“Give me your tired, your poor, Your huddled masses yearning to breathe free, The wretched refuse of your teeming shore. Send these, the homeless, tempest-tost to me, I lift my lamp beside the golden door!” This is part of “The New Colossus” a sonnet by Emma Lazarus on a bronze plaque in the Statue of Liberty. Though it really doesn’t represent the historical or present-day attitudes of immigration throughout American history it does represent the dreams, aspirations, and success stories of countless immigrants coming to our shores who truly helped build this nation into what it is today.
Without the affluent masses this nation would be a nation of the very wealth and the very poor. Henry Ford really had the right idea when he came up with the brilliant idea of paying his employees enough of a living wage that they could afford to buy one of his cars. He clearly understood the concept that you needed the masses of people to become affluent enough to buy more than just the essentials in life in order to have a thriving mass production industry. Customers have always been the lifeblood of businesses. The more customers the better. What better customer base can you have than the vast majority of the population. This can only happen if the huddled masses have enough money to spend.
Unlike the very rich who invest the vast bulk of their fortunes, the masses do not have enough wealth to invest, so they spend. This makes them the perfect customer only if they have enough wealth to spend. It is in everyone’s interest to keep the masses feeling rich enough that they continue to spend. Once they feel their economic stability threatened they stop spending and the manufacturing sector collapses. No time in recent history was this more apparent than during the 2008 economic collapse. As they perceived economic collapse and the loss of jobs they stopped spending. Manufacturing facilities stared closing down due to the lack of orders resulting in the loss of even more jobs and the fulfillment of its own self-fulfilling prophesy. Not only were the masses greatly impacted but also the rich since many of their investments were in the very business that the masses used to worked and purchased goods and services from.
Keeping the masses happy and in a spending mood makes for an affluent society and a thriving economy.
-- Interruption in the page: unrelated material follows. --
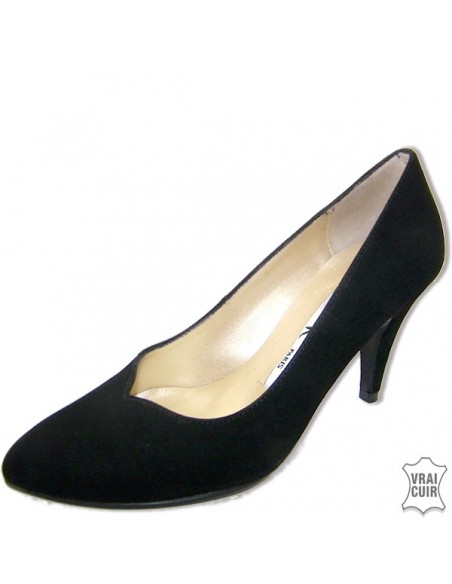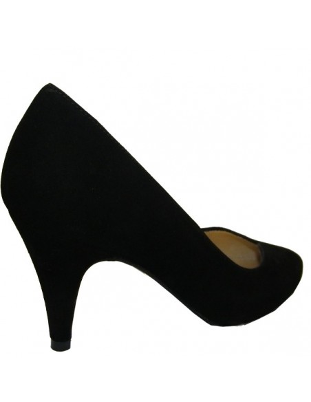 Queste décolleté nere con estremità leggermente appuntite sono in vero nabuk. La tomaia della scarpa descrive una V per uno stile molto glamour. Le décolleté hanno un'altezza del tacco ideale di 8 cm. Questo modello è un classico per tutti i giorni o per un'occasione, sono molto comodi e di buona qualità in pelle, realizzati in Spagna.
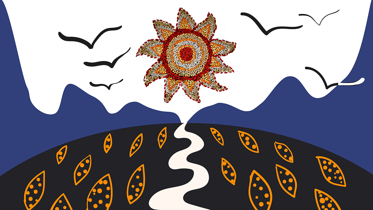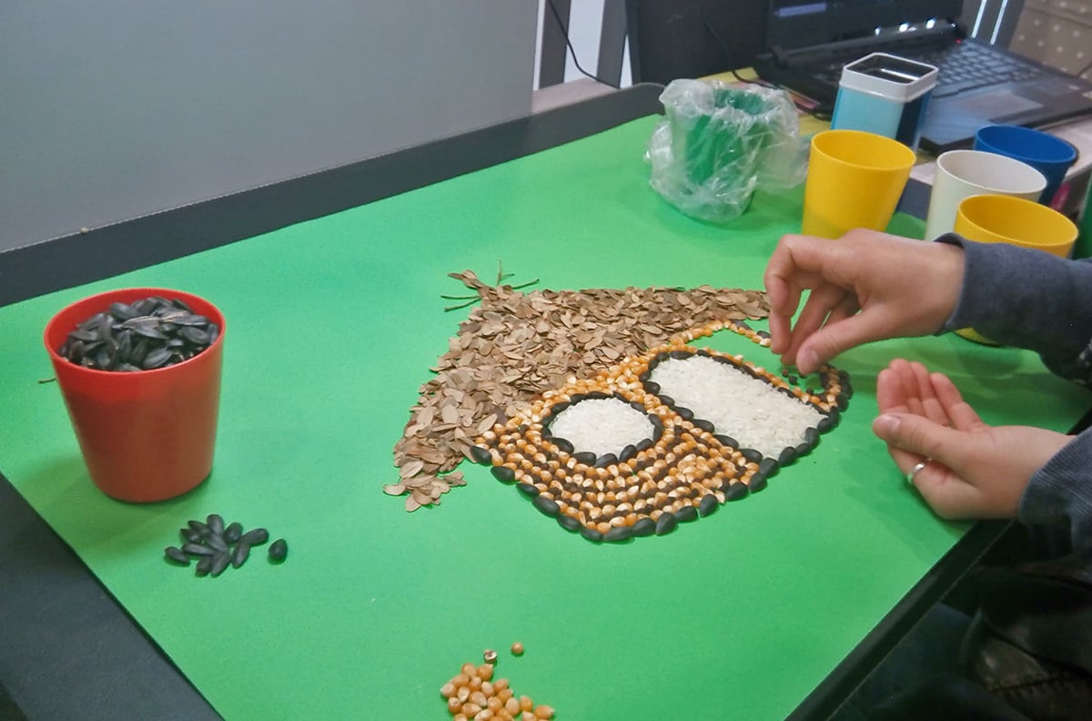 In the first phase, a computer graphic was created for all the visual elements, thus simulating the movement. Here you can see the sun, already made out of the seeds, while the others are still digital drawings.

The middle-class in America represents the masses here. President Obama is right when he stresses keeping the middle-class vibrant and thriving. The vast majority of goods and services are paid out of the pockets of the middle-class, not the one or two or even five percent of the wealthiest. It’s the quantity of widgets manufactured and sold that matters and only the masses of hundreds of millions of middle-class Americans can purchase enough widgets to make the manufacturer and the investments of the very rich thrive. Thus it is the masses, the common people, that contribute most to the overall health of economies. The more the masses spend the more the economy grows. The more the masses earn or can keep after taxes the more they will ultimately spend. It really doesn’t take a genius to realize this simple truth.
Taxing the rich will not stop them from investing the bulk of their money because they are opportunist and want to make more money regardless of how much they are taxed. But taxing the masses will impact the amount they can spend on goods and services beyond their necessaries. Apple could not be successful without middle-class customers. The very rich only need one or two iPhones each year. But the masses buy tens of millions of them annually. It is the same for computers, TVs, appliances, cars, gas, homes, hamburgers, and all the other products, consumables, and services that are essential to a thriving economic engine. Without fuel an engine is just a chunk of metal. The fuel of the economy is the money spent on goods and services by the masses because they are the spenders.
So the key to the economic growth and prosperity of this or any nation is an affluent middle-class, the masses. The more affluent they are the more likely they are to spend and the more likely the economy will thrive. Keeping taxes low for the middle-class and high for the very rich is one way to keep the country prosperous. The middle-class will end up paying proportionately more in taxes as their earnings increase anyway and the rich will keep on netting more money from their thriving investments. It’s really an overall win-win scenario. Another way to enhance the spending of the masses is to reduce their cost on essentials such a health care, insurance, energy, utilities, education, etc. which to an extent the government can help out. The Affordable Care Act will hopefully address some of the very high health care expenses borne by the middle-class.
Anything that leaves more money in the pockets of the masses means more at the cash-register and more blood pumped into the economic engine. We are talking about approximately 200,000,000 Americans. Each dollar they spend is about $200,000,000 dollars going back into the economy and each person spends many more than one dollars each day. The reverse is also true. How much do you spend daily on all your expenses? Multiply that by 200,000,000 and that is about the amount that is spend daily in the US by the masses assuming you are not one of the very rich. Every extra dollar that the masses has to spend it $200,000,000 more going into the economy. So giving the middle-class a tax break can have tremendous payback.
For example Walmart is the largest private employer in the United States (1.4 million employees). It pays its average sales associate (cash-register clerk) $8.81 per hour and the overall average salary is $12.67 per hour while CEO Michael Duke made $20.7 million in 2012. $8.81 per hour is not enough money for an employee to shop at their own store. Even $12.67 per hour is barely enough for an employee to shop there. Paying an average salary of $15 per hour or more and increasing the salaries of the lowest paid the most will enable employees to not only shop at Walmart but buy other things not sold in Walmart elsewhere. This was Henry Ford’s strategy for success.